▶ Study material:
◇ ◇ ◇

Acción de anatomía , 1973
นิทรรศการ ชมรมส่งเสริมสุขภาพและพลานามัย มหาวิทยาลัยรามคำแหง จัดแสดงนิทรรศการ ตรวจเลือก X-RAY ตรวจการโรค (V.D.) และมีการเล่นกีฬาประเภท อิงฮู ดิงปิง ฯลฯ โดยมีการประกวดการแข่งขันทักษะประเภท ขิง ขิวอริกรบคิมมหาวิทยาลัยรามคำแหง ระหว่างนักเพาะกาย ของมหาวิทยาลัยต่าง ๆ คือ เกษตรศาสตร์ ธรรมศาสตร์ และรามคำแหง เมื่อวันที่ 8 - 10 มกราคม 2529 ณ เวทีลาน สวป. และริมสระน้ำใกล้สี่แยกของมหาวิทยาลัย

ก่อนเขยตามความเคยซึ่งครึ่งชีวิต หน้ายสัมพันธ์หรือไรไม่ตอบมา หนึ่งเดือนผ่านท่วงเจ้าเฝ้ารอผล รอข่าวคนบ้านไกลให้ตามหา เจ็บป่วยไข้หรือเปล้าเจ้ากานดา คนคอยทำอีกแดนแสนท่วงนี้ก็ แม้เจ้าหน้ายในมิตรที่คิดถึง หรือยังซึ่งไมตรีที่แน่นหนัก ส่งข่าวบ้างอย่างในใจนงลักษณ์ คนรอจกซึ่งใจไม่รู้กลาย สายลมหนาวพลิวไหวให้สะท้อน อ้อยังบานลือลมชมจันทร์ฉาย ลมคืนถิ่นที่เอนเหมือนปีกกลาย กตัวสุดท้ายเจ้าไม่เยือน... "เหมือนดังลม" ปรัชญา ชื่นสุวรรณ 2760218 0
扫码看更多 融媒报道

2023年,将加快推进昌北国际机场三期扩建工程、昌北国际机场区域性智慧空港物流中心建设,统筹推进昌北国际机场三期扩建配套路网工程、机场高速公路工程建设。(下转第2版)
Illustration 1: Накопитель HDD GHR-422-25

◇ ◇ ◇

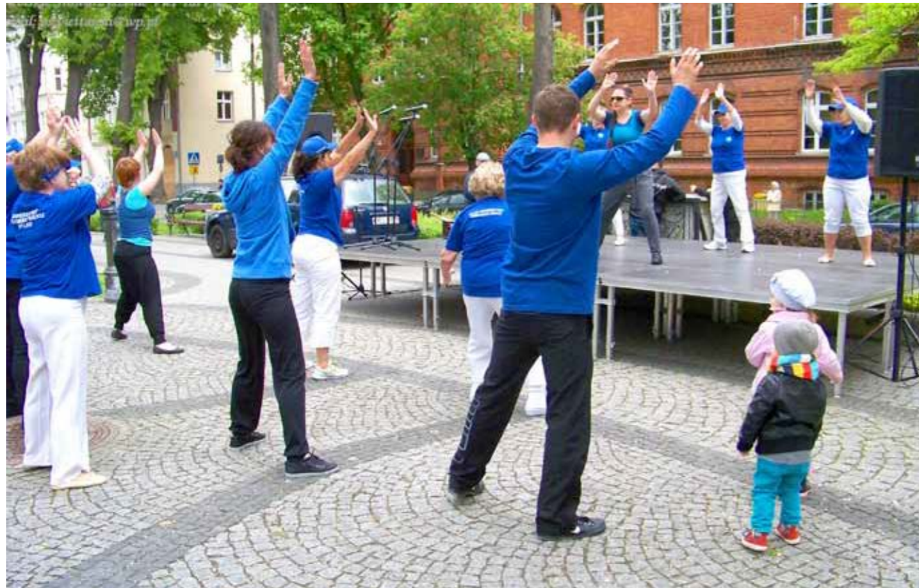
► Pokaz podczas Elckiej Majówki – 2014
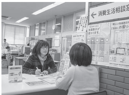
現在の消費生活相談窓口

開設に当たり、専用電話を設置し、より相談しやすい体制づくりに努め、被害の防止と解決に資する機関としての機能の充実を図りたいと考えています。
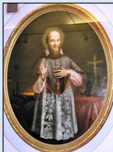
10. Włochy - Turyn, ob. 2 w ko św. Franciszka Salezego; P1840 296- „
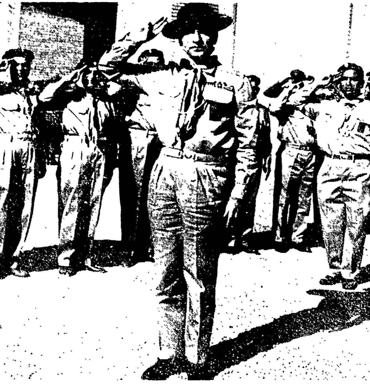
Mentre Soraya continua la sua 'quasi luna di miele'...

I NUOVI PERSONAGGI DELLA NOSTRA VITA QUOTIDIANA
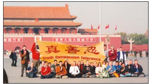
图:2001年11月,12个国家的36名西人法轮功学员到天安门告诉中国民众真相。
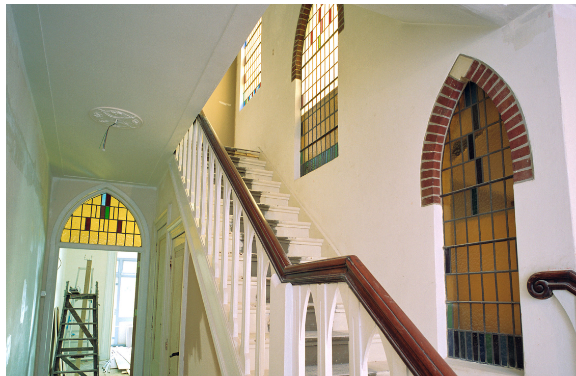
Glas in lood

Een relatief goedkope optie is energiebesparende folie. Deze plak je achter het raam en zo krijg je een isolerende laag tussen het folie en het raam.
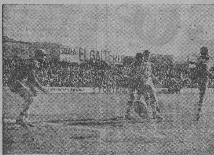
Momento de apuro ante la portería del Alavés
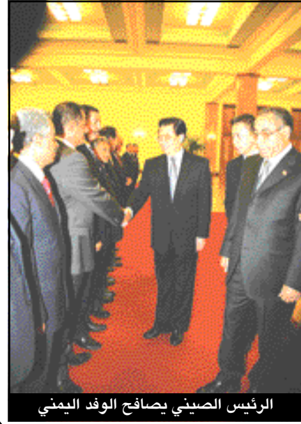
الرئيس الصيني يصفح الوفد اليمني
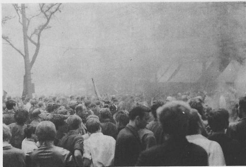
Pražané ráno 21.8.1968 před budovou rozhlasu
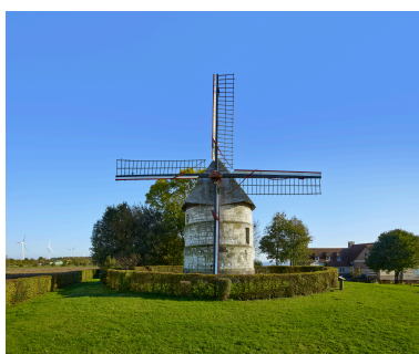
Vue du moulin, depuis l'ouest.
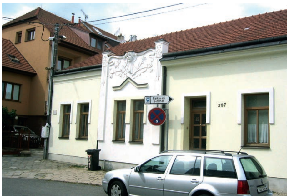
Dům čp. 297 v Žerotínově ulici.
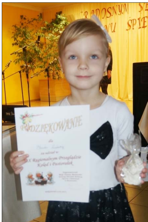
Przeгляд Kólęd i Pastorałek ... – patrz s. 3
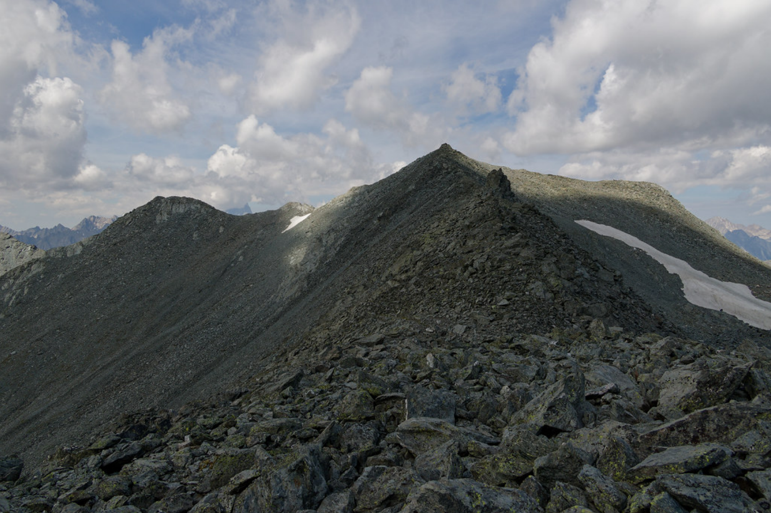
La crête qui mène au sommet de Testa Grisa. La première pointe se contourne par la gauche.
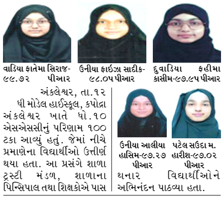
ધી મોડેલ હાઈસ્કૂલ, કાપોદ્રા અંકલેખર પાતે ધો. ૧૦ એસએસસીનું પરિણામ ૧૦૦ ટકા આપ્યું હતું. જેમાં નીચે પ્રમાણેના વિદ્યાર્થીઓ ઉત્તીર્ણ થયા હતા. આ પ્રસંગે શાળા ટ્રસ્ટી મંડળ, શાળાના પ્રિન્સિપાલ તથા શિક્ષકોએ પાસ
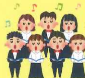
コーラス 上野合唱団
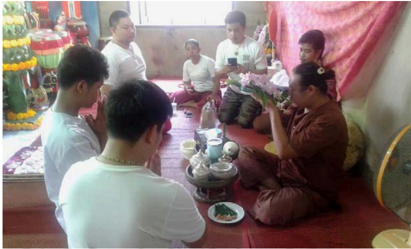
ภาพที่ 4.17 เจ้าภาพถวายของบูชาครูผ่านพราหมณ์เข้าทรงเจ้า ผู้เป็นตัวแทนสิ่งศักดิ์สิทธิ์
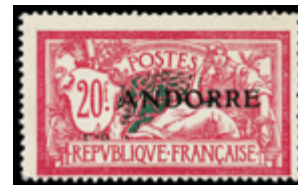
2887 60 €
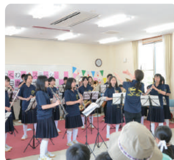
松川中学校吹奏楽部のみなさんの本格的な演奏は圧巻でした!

◇ ◇ ◇

▶ What you are asked to do:
Which lines above run from the one containing "Acción de anatomía , 1973" to the one containing "Illustration 1: Накопитель HDD GHR-422-25"? Give them again exactly, both ends included.

▶ Written response:
Acción de anatomía , 1973
นิทรรศการ ชมรมส่งเสริมสุขภาพและพลานามัย มหาวิทยาลัยรามคำแหง จัดแสดงนิทรรศการ ตรวจเลือก X-RAY ตรวจการโรค (V.D.) และมีการเล่นกีฬาประเภท อิงฮู ดิงปิง ฯลฯ โดยมีการประกวดการแข่งขันทักษะประเภท ขิง ขิวอริกรบคิมมหาวิทยาลัยรามคำแหง ระหว่างนักเพาะกาย ของมหาวิทยาลัยต่าง ๆ คือ เกษตรศาสตร์ ธรรมศาสตร์ และรามคำแหง เมื่อวันที่ 8 - 10 มกราคม 2529 ณ เวทีลาน สวป. และริมสระน้ำใกล้สี่แยกของมหาวิทยาลัย

ก่อนเขยตามความเคยซึ่งครึ่งชีวิต หน้ายสัมพันธ์หรือไรไม่ตอบมา หนึ่งเดือนผ่านท่วงเจ้าเฝ้ารอผล รอข่าวคนบ้านไกลให้ตามหา เจ็บป่วยไข้หรือเปล้าเจ้ากานดา คนคอยทำอีกแดนแสนท่วงนี้ก็ แม้เจ้าหน้ายในมิตรที่คิดถึง หรือยังซึ่งไมตรีที่แน่นหนัก ส่งข่าวบ้างอย่างในใจนงลักษณ์ คนรอจกซึ่งใจไม่รู้กลาย สายลมหนาวพลิวไหวให้สะท้อน อ้อยังบานลือลมชมจันทร์ฉาย ลมคืนถิ่นที่เอนเหมือนปีกกลาย กตัวสุดท้ายเจ้าไม่เยือน... "เหมือนดังลม" ปรัชญา ชื่นสุวรรณ 2760218 0
扫码看更多 融媒报道

2023年,将加快推进昌北国际机场三期扩建工程、昌北国际机场区域性智慧空港物流中心建设,统筹推进昌北国际机场三期扩建配套路网工程、机场高速公路工程建设。(下转第2版)
Illustration 1: Накопитель HDD GHR-422-25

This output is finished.